Я-то домой, но уж точно не с тобой. И вообще мне в другую сторону. Думаешь, я не знаю, где ты живешь? Хотя ты же соврешь, что тебе надо к подруге, тете, в магазин.

Я демонстративно уселся на подоконник, достал телефон, сделал вид, будто ищу в нем что-то. Потоптавшись еще на месте, Лидка ушла. Подождав немного для верности, поплелся потихоньку и я. Вышел на крыльцо, постоял, жмурясь на солнце. Еще пару дней назад снег шел, а сегодня вдруг резко потеплело, даже куртку захотелось расстегнуть. Настоящая весна. Еще неделя – и каникулы. Ну а там совсем немного останется до конца. Апрель, май. Последний звонок, экзамены. Выпускной – и все, школа, прощай. Даже капельку жаль стало. Или, может, страшно? Все-таки совсем другая жизнь. Взрослая… почти.
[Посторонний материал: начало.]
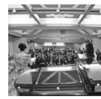
耐震化を施した新園舎が今年3月完成。記念して開かれたコンサートには大勢の人が詰めかけた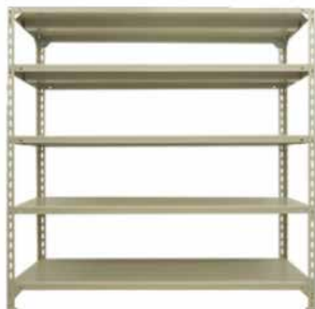
※1800H×1500W×600D 5段の場合の完成図画像です。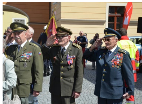
▲ Ocenění byli i váleční veteráni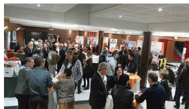
Le Village entreprise, un espace de convivialité.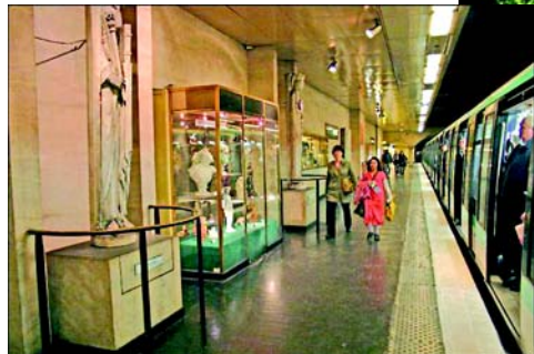
На станция метро у Лувра находится часть античной экспозиции музея.

В парижском метро 14 пронумерованных «больших» линий плюс две короткие, бывшие ответвления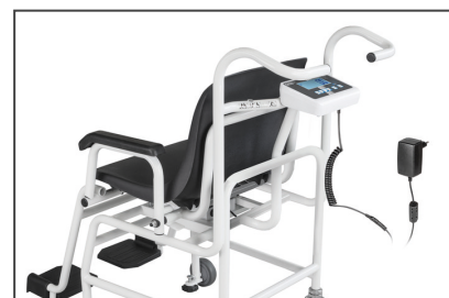
Netzadapter extern, serienmäßig, mit Zugentlastung und Trennstecker zur Schonung der Stromversorgungsbauteile

Diese Stuhlwaage ist das ideale Messinstrument für die Altenpflege und Paramedizin, einschließlich Wiegungen im adipösen Bereich bis 250 kg.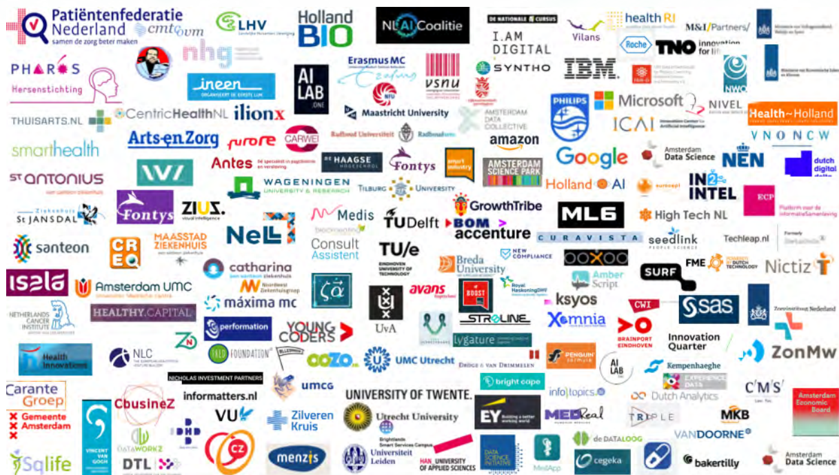
Organisaties aanwezig bij de start van de werkgroep Gezondheid en Zorg

Een combinatie van doelgerichtheid en brede samenstelling is noodzakelijk, want het is juist gezamenlijk dat we iets kunnen bereiken: burgers (al dan niet met een aandoening), preventieprofessionals, zorgverleners en zorgorganisaties, zorgverzekeraars, financiers en fondsen, innovatieve bedrijven, kennisinstellingen en overheden. Alleen door samen op te trekken, AI-toepassingen te ontwikkelen, te valideren en grootschalig beschikbaar te maken krijgen we zicht op onze kracht en op de huidige knelpunten en beperkingen.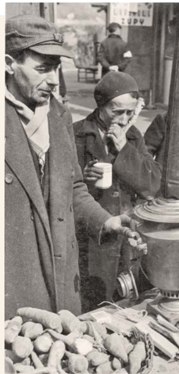
חלוקת מזון בגטו ורשה

העיון בכתב היד מלמד שאכן אין דרשותיו עשויות מקשה אחת אלא שכבות-שכבות, הגהות על גבי הגהות. השלב הראשון של ההגה נמצא למעשה עוד בגוף הטקסט בכתב היד, במחיקת מילים בקו רוחבי החוצה אותן ובתוספות של מילים ומשפטים על גבי המילים הקיימות או על גבי המילים המחוקות. ההגה הנוספת נעשתה בסימני החץ המורים על תוספת בשולי הצד של הגיליון. עוד שלב של ההגהות נעשה בתוספת אותיות לגוף הטקסט, כתובות בכתב מרובע (אשורי) ומתחתן קו הדגשה. האותיות האלה הן סימן הפניה להגהה בשולי גיליון הדף למעלה ולמטה, ולא בצדדים כמו סימני החיצים. אות הפניה בגוף הטקסט רשומה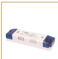
Zasilacz montażowy 80W Power supply 80W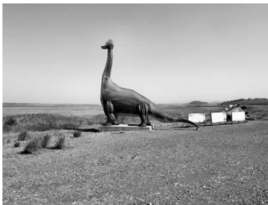
写真6 恐竜の实物大(?)の模型もありました。化石産地一帯は公園として整備されつつあります。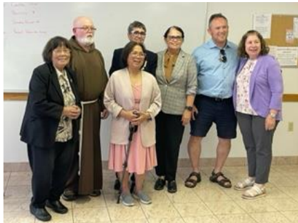
Nouveau conseil pour la fraternité St. Felix, Toronto, ON, septembre 2023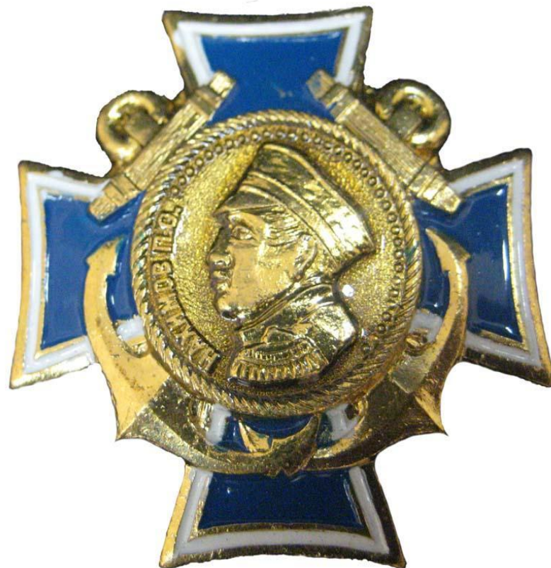
Ордена Нахимова. Учреждены в 1944 году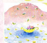
鍼灸 水花月~mikatsuki~ 講師：小松 真苗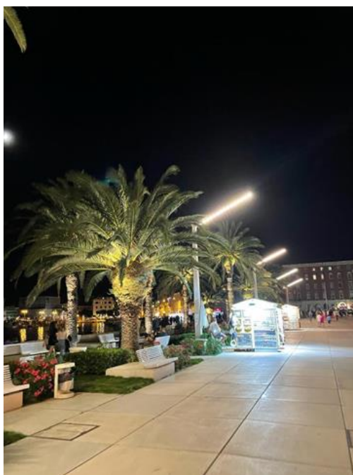
Sl. 16. Riva (zeleni dio uz more), 25. 7. 2019.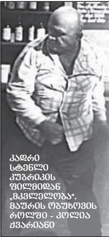
კადრი სტამბლი კუმბრიკის ფილმში "მეგობრობა"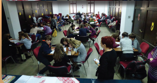
A magyar nyelv napja - 10. oldal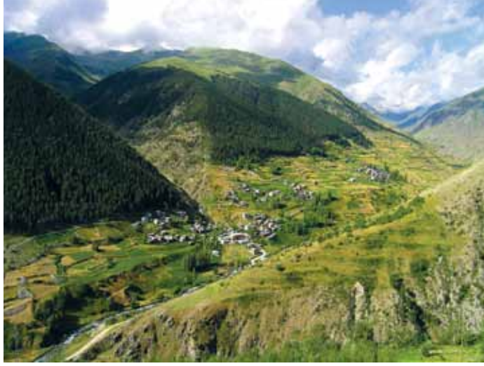
ÇORUH VADİSİ dünyanın ılıman kuşağında en zengin endemizm ve kelebek çeşitliliğini barındıran alanlardan biri.

Uçsuz bucaksız çayırlıkların üzerinde uçuyor. Daha dünyaya geleli 10–15 dakika olmuş ama sanki ezelden beri bu coğrafyada dolaşmış gibi yolunu biliyor. Genetik pusulası, ona gitmesi gereken yönü gösteriyor. Desenlerini karşı cinse tanıtırken, aynı zamanda düşmanlarına uzak durması gerektiğini söylüyor. Eşinin kokusunu kilometrelerce öteden alabiliyor, rüzgâra ya da soğuğa rağmen hiç yılmadan uçabiliyor. Eğer bir uzman “Kelebekler Hakkında Yanlış Bilinenler” başlıklı bir döküman hazırlasa oldukça uzun bir liste yapmak durumunda kalabilirdi. Ve olasılıkla listenin başına kırılğan olduklarına ilişkin yaygın inancı koyardı.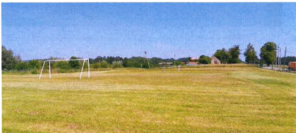
Zdjęcie nr 7 – Boisko w Siedliskach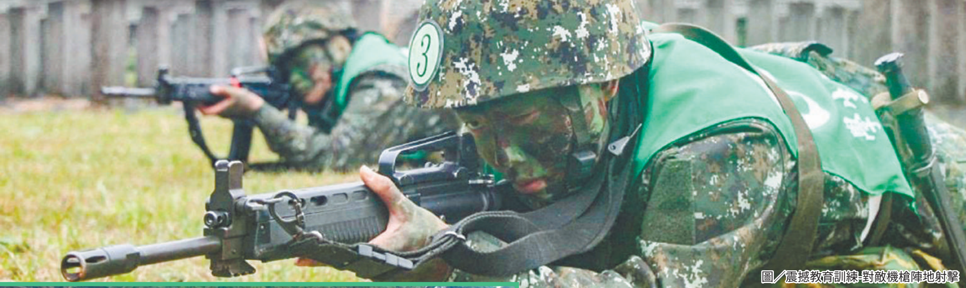
圖／震撼教育訓練-對敵機槍陣地射擊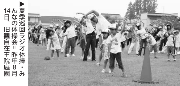
▶夏の巡回ラジオ体操会 14日、旧観自在王院庭園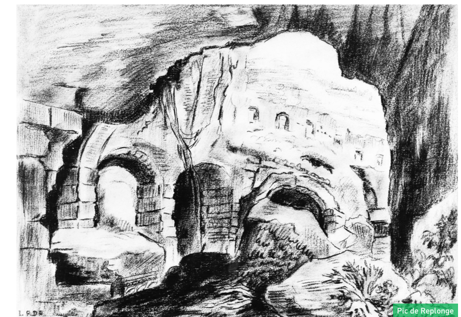
Pic de Replonge

Le cadastre dit napoléonien mentionne lui aussi un « Chemin du Château Bicêtre » qui dessert le vallon des Vaux de la Celle en passant au sud de l'étang des Moines. Aucune trace archéologique en revanche d'une telle structure dans le vallon qui aurait été un lieu fort peu adapté pour y installer un château fort.

Чтобы не давать крюка, я обычно шел через школьный стадион, к дыре в ограде. Протискиваясь в нее, умудрился испачкать куртку. Остановился, чтобы отряхнуть, и заметил у стены дома Маликову с Вербицкой. Они сидели на корточках и что-то там рассматривали. Подошел поближе и увидел пеструю кошку, которая, развалившись блаженно, грелась на солнце. Рядом копошились котята, забирались на нее, присасывались к животу.

Было в этой сценке что-то такое… умилительное, почти до слез. Идеально вписывающееся в этот яркий весенний день. Остановившись чуть поодаль, я смотрел и улыбался, как дурачок.

Первой меня заметила Вербицкая. Обернулась через плечо с каким-то то ли растерянным, то ли виноватым видом. Как будто я их застукал за чем-то неприличным. Потом повернулась Маликова, сердито сдвинула брови. Я пожал плечами и пошел себе дальше. Вот только лицо ее почему-то упорно стояло у меня перед глазами. То наномгновение, когда она еще улыбалась, а не хмурилась. Так бывает, когда посмотришь на яркий свет, и потом долго видишь лиловое или зеленое пятно.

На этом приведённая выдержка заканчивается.